◆ Your goal
All records must be quoted exactly. Omit the pictures.

◆ Record extracts
'''

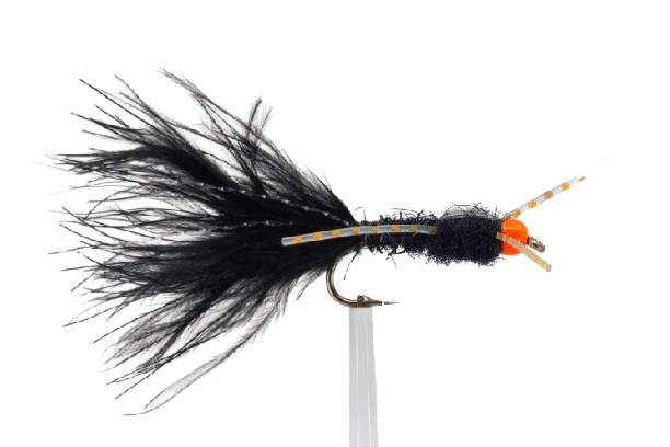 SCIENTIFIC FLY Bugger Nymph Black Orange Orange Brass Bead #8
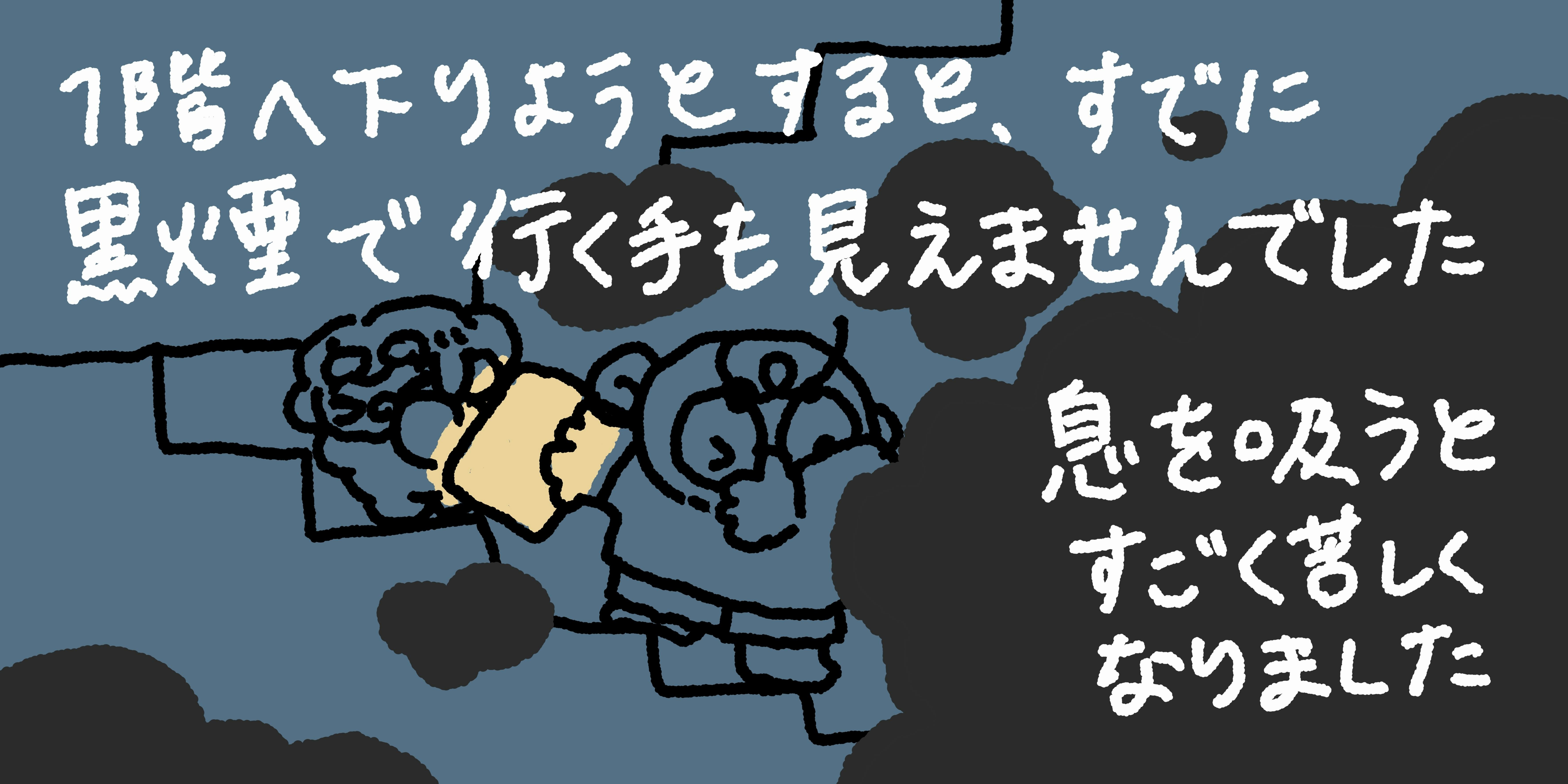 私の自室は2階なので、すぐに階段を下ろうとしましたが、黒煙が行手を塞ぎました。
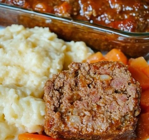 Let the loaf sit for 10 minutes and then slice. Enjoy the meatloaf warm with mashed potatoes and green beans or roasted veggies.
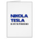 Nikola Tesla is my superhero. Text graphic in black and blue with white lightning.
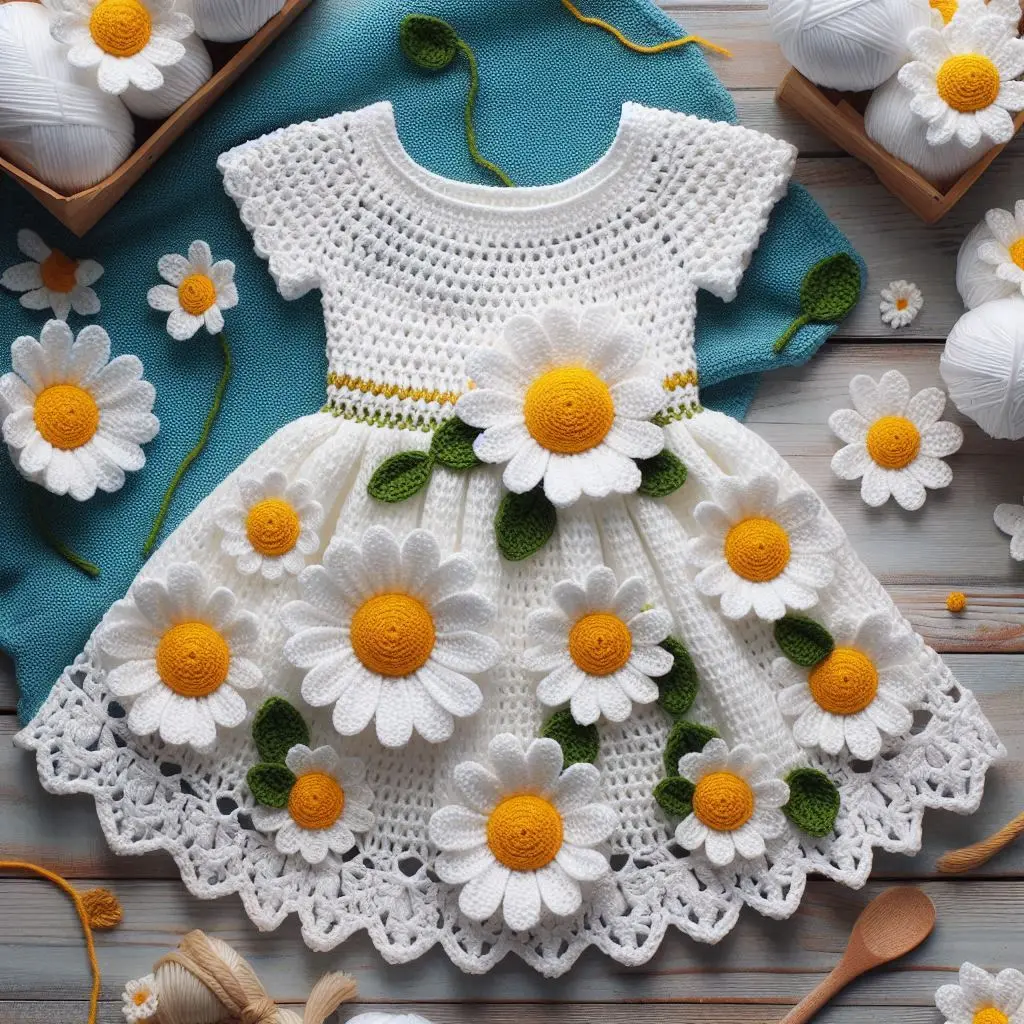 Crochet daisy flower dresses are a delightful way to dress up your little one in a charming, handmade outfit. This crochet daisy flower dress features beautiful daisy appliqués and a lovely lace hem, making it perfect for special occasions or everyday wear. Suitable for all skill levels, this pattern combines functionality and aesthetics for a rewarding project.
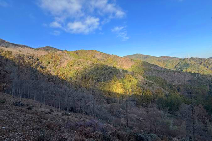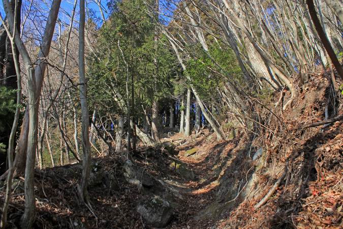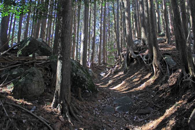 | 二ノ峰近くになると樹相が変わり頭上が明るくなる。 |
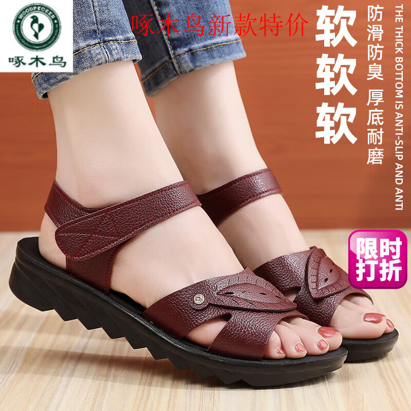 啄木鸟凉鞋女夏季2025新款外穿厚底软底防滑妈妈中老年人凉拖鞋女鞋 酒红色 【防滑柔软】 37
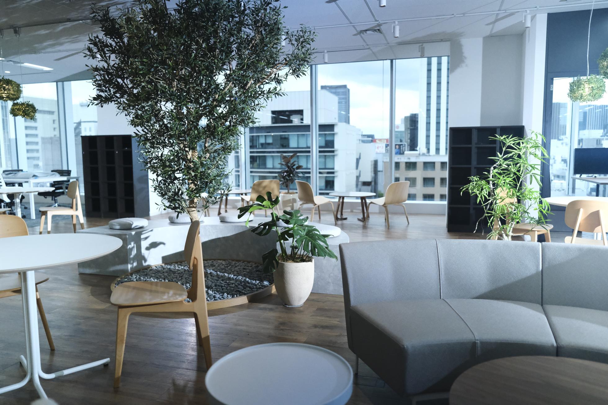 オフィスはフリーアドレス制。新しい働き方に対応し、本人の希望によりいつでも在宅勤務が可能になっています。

'''

◆ Exercise response
 SCIENTIFIC FLY Bugger Nymph Black Orange Orange Brass Bead #8
 私の自室は2階なので、すぐに階段を下ろうとしましたが、黒煙が行手を塞ぎました。
 Let the loaf sit for 10 minutes and then slice. Enjoy the meatloaf warm with mashed potatoes and green beans or roasted veggies.
 Nikola Tesla is my superhero. Text graphic in black and blue with white lightning.
 Crochet daisy flower dresses are a delightful way to dress up your little one in a charming, handmade outfit. This crochet daisy flower dress features beautiful daisy appliqués and a lovely lace hem, making it perfect for special occasions or everyday wear. Suitable for all skill levels, this pattern combines functionality and aesthetics for a rewarding project.
 | 二ノ峰近くになると樹相が変わり頭上が明るくなる。 |
 啄木鸟凉鞋女夏季2025新款外穿厚底软底防滑妈妈中老年人凉拖鞋女鞋 酒红色 【防滑柔软】 37
 オフィスはフリーアドレス制。新しい働き方に対応し、本人の希望によりいつでも在宅勤務が可能になっています。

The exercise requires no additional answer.